*Provided data:*
□ □ □ □ □ □ □

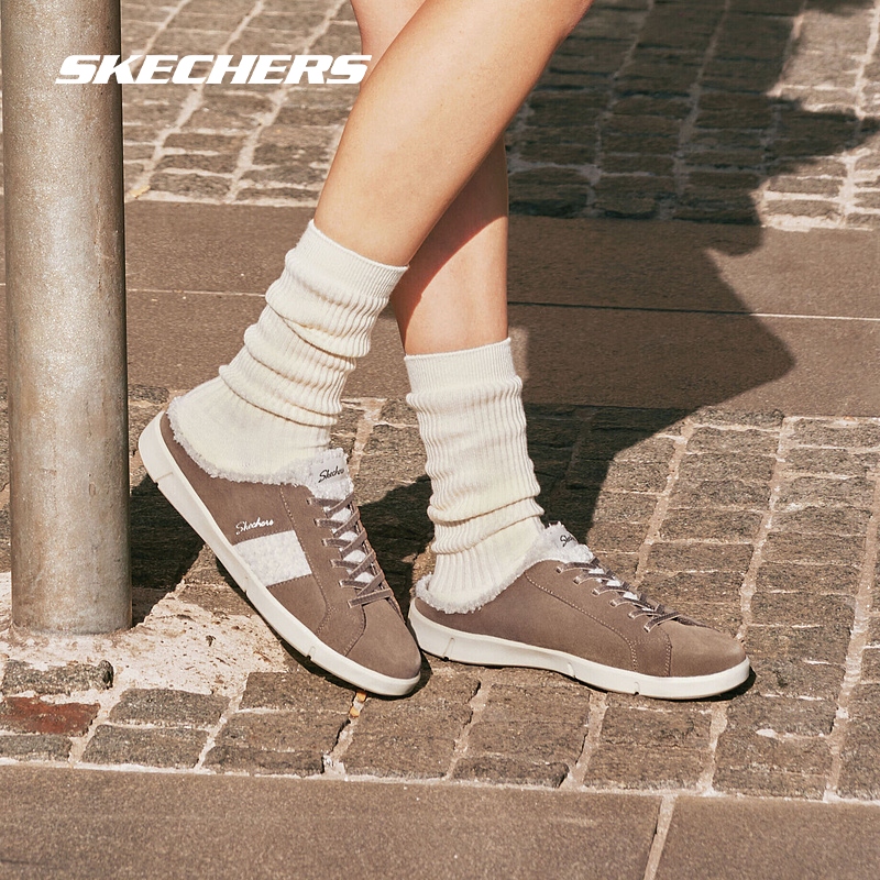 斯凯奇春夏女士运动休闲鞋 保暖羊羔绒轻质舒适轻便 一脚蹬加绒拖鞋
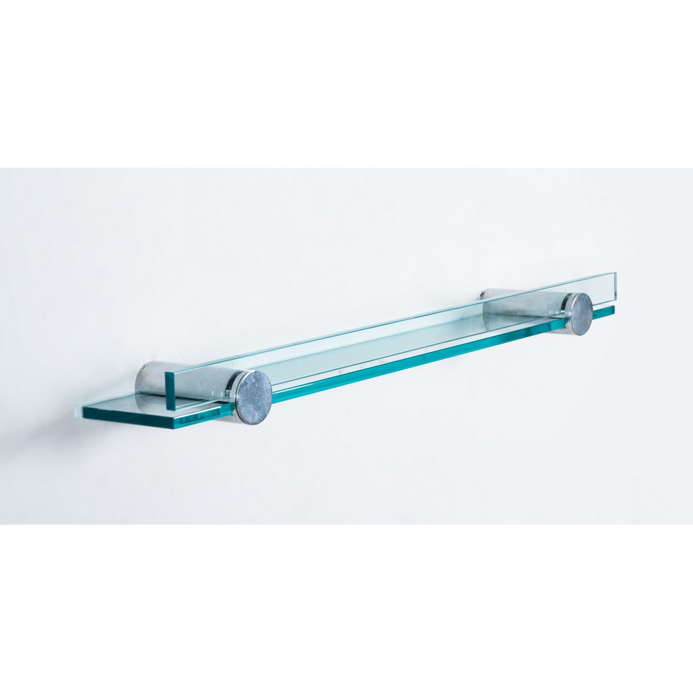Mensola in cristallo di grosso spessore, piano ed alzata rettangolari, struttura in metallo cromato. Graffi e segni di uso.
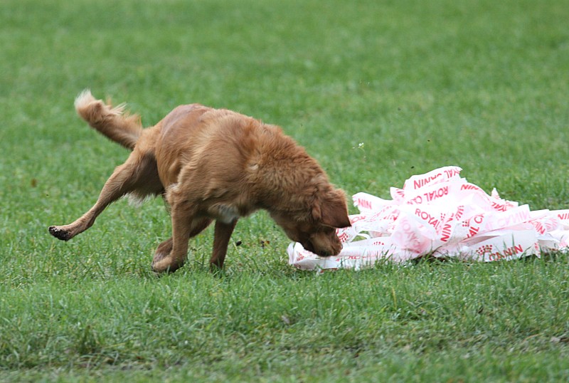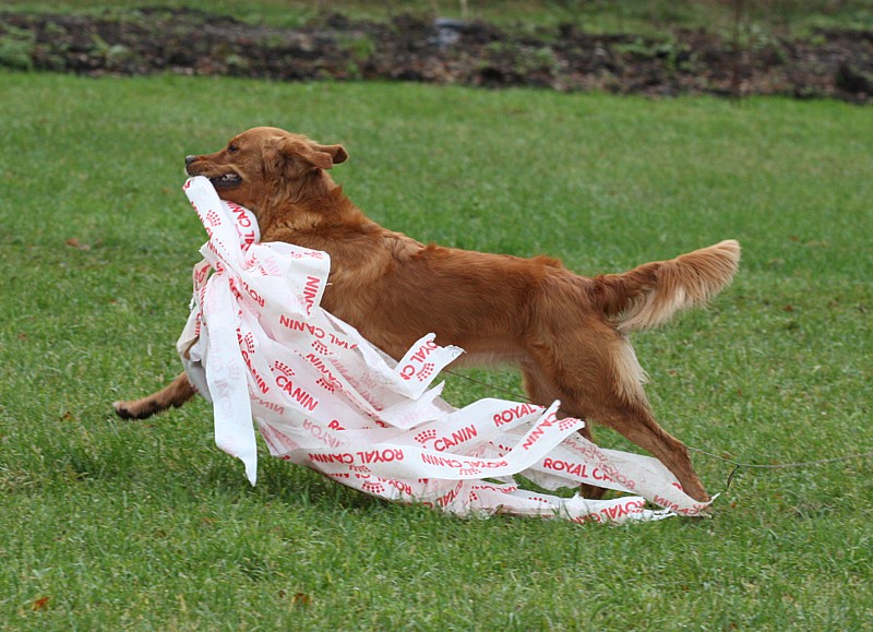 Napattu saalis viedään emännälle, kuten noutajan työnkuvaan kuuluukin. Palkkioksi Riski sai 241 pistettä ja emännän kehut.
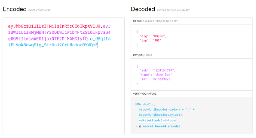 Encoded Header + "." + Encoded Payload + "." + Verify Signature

□ □ □ □ □ □ □

*Your goal:* Give back the listing exactly, with the pictures removed.

*Problem solution:*
 斯凯奇春夏女士运动休闲鞋 保暖羊羔绒轻质舒适轻便 一脚蹬加绒拖鞋
Mensola in cristallo di grosso spessore, piano ed alzata rettangolari, struttura in metallo cromato. Graffi e segni di uso.
 Napattu saalis viedään emännälle, kuten noutajan työnkuvaan kuuluukin. Palkkioksi Riski sai 241 pistettä ja emännän kehut.
 Encoded Header + "." + Encoded Payload + "." + Verify Signature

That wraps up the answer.